* **What the exercise asks**: Leave out the pictures and copy everything else in the entries exactly.

* **Entries shown**:
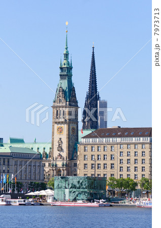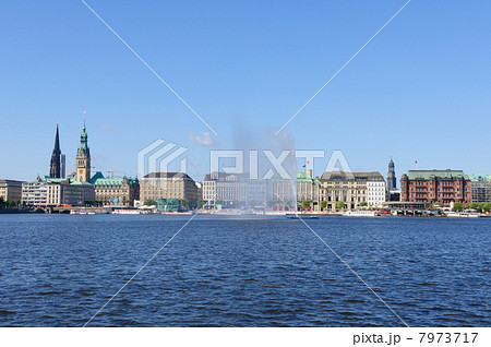 ドイツ 夕暮れのハンブルク旧市街とアルスター湖
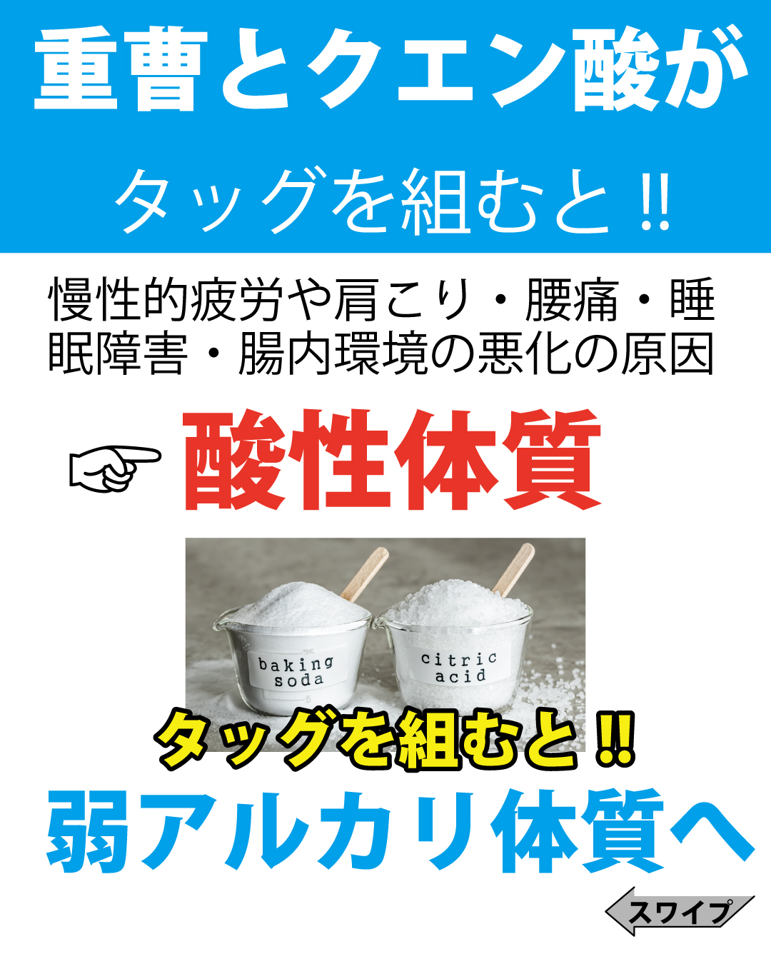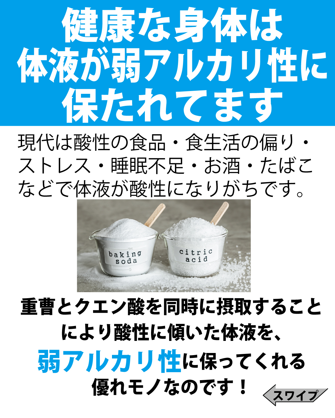 必須アミノ酸 9 種類・必須ビタミン 13 種類・必須ミネラル 16 種類配合 ■なぜ?クエン酸と重曹? 普段から食生活や睡眠時間などに乱れがある方や十分な運動ができていない方、精神的にストレスを 抱えられている方は気づかないうちに身体の状態が酸性に傾いています。 身体が酸性体質に変化することで慢性的な疲労感や肩こり、腰痛、腸内環境の悪化などが起こりやすく、 中でも腸は脳と関係性が強く腸内環境が乱れると自律神経も乱れるため 睡眠障害や気力の低下、偏頭痛なども加えて発生しやすくなります。 これらの不調を緩和解消させるには『酸性化した身体を弱アルカリ性』にするのが 【クエン酸 重曹】なのです。 |
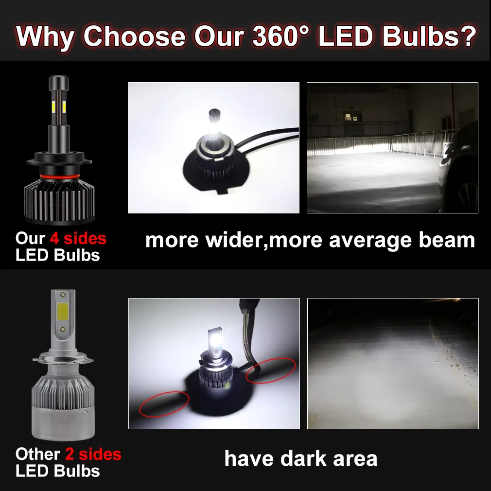 Best Price Comparison With 4 Sides CSP H4 LED Bulb H7 Led Canbus H8 H11 9005 HB3 9006 HB4 Car Headlight 360 degree 60W 15000LM 6000K White Auto Turbo Light
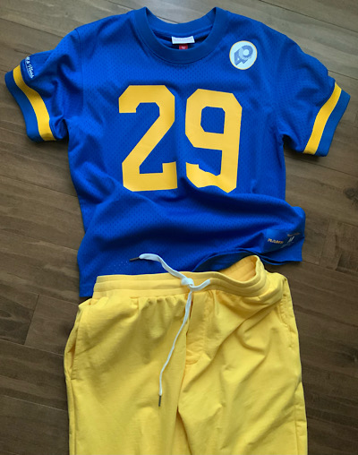 Dressed to impress!The yellow jogging pants I ordered for this game arrived... seen here paired with my Dickerson jersey.
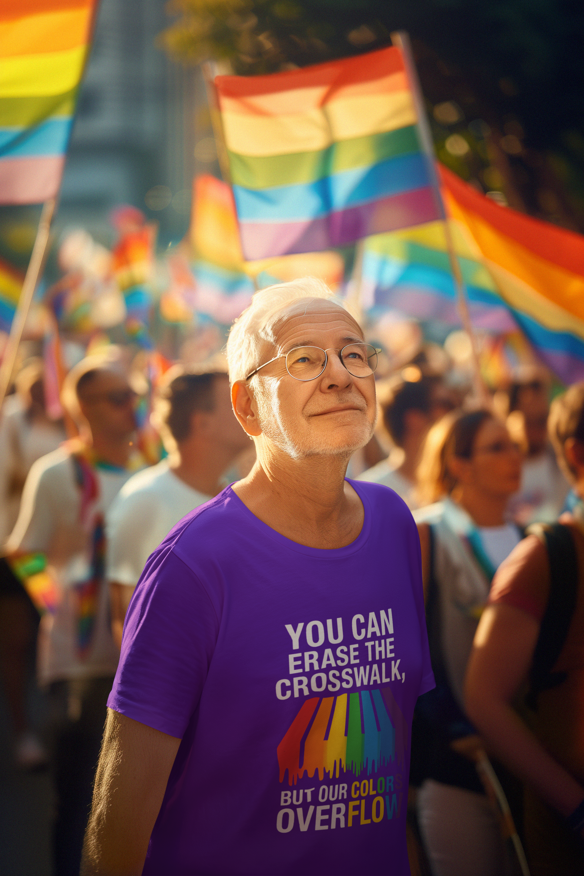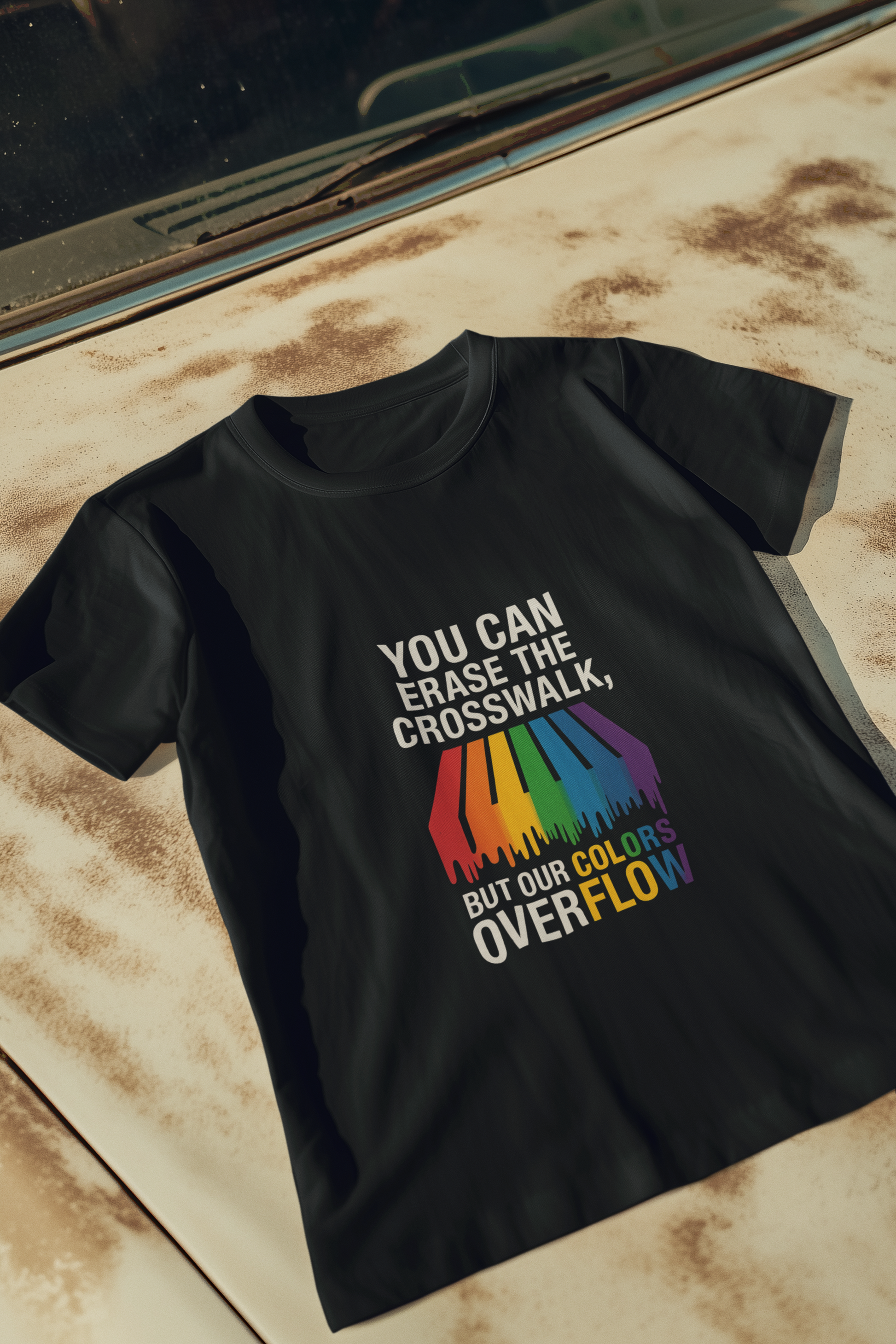 Show your pride loud and proud with this bold “You Can Erase the Crosswalk, But Our Colors Overflow” tee — a statement of love, resilience, and unity that can’t be painted over.

* **Response area**:
 ドイツ 夕暮れのハンブルク旧市街とアルスター湖
 必須アミノ酸 9 種類・必須ビタミン 13 種類・必須ミネラル 16 種類配合 ■なぜ?クエン酸と重曹? 普段から食生活や睡眠時間などに乱れがある方や十分な運動ができていない方、精神的にストレスを 抱えられている方は気づかないうちに身体の状態が酸性に傾いています。 身体が酸性体質に変化することで慢性的な疲労感や肩こり、腰痛、腸内環境の悪化などが起こりやすく、 中でも腸は脳と関係性が強く腸内環境が乱れると自律神経も乱れるため 睡眠障害や気力の低下、偏頭痛なども加えて発生しやすくなります。 これらの不調を緩和解消させるには『酸性化した身体を弱アルカリ性』にするのが 【クエン酸 重曹】なのです。 |
 Best Price Comparison With 4 Sides CSP H4 LED Bulb H7 Led Canbus H8 H11 9005 HB3 9006 HB4 Car Headlight 360 degree 60W 15000LM 6000K White Auto Turbo Light
 Dressed to impress!The yellow jogging pants I ordered for this game arrived... seen here paired with my Dickerson jersey.
 Show your pride loud and proud with this bold “You Can Erase the Crosswalk, But Our Colors Overflow” tee — a statement of love, resilience, and unity that can’t be painted over.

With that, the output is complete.